A: Some additional resources for learning about simplifying radical expressions include:

  • Mathematics textbooks and online resources
  • Online tutorials and video lessons
  • Math apps and software

Conclusion

Simplifying radical expressions is an essential skill in mathematics, and it has many real-world applications. By understanding the rules of exponents and simplifying radical expressions, you can solve problems more efficiently and effectively. Remember to practice regularly and use technology to check your work.

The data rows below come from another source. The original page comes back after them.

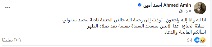 وكتب أحمد أمين منشورا، عبر حسابه الشخصي بموقع التواصل الاجتماعي فيس بوك، قال فيه: انا لله وانا إليه راجعون.. توفت إلى رحمة الله خالتي الحبيبة نادية محمد مدبولي، صلاة الجنازة غدا الاثنين بمسجد السيدة نفيسة بعد صلاه الظهر.. اسألكم الفاتحة والدعاء.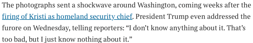 …..And here I thought the Homeland Security budget was inflated. I just really hope Kristi’s hornball-hubby uses wet wipes on those Mega-MAGA-ManMarries. Because the only thing worse than your neighbor’s kid getting knocked out by your dodgeballs is your neighbor’s kid getting knocked up by your dodgeballs.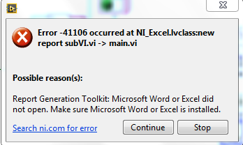 Zudem habe ich das Problem, dass ich ständig die Fehlermeldung 41106 auftaucht (siehe Anhang). Ich besitze jedoch eine Excel Lizens und es ist auch richtig installiert. Den „Trick“, dass man ein Delay einbaut habe ich bereits ausprobiert. Es wird dadurch besser aber des Öfteren wird die Fehlermeldung trotzdem ausgegeben.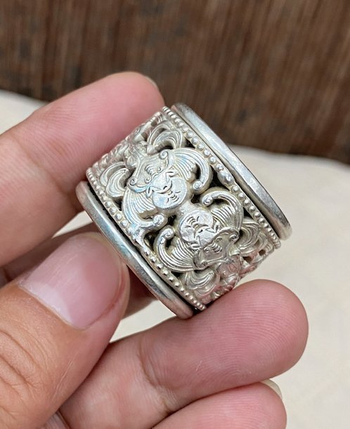 Nhẫn xoay ngón cái, hợp kim bạc tây tạng, mặt trong khắc chữ, hoa văn tinh tế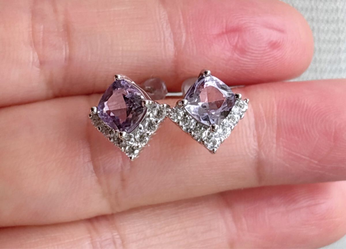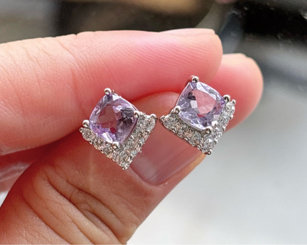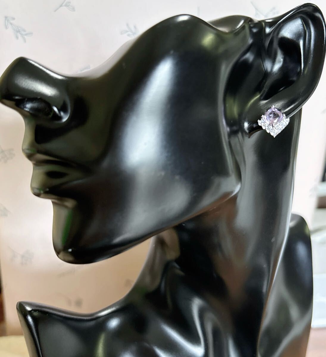 天然石 アメジスト(紫水晶)ピアスのサイズ約:9mm*9mm*厚さ4.6mm;

With practice and patience, you can become proficient in simplifying radical expressions and tackle complex problems with confidence.

Glossary

  • Cube root: The number that, when multiplied by itself three times, gives the original number.
  • Exponent: A number that represents the power to which a base number is raised.
  • Prime factorization: The process of breaking down a number into its prime factors.
  • Radical expression: An expression that involves a root, such as a square root or cube root.
  • Rule of exponents: A set of rules that govern the behavior of exponents in mathematical expressions.
  • Simplifying radical expressions: The process of simplifying complex expressions that involve roots.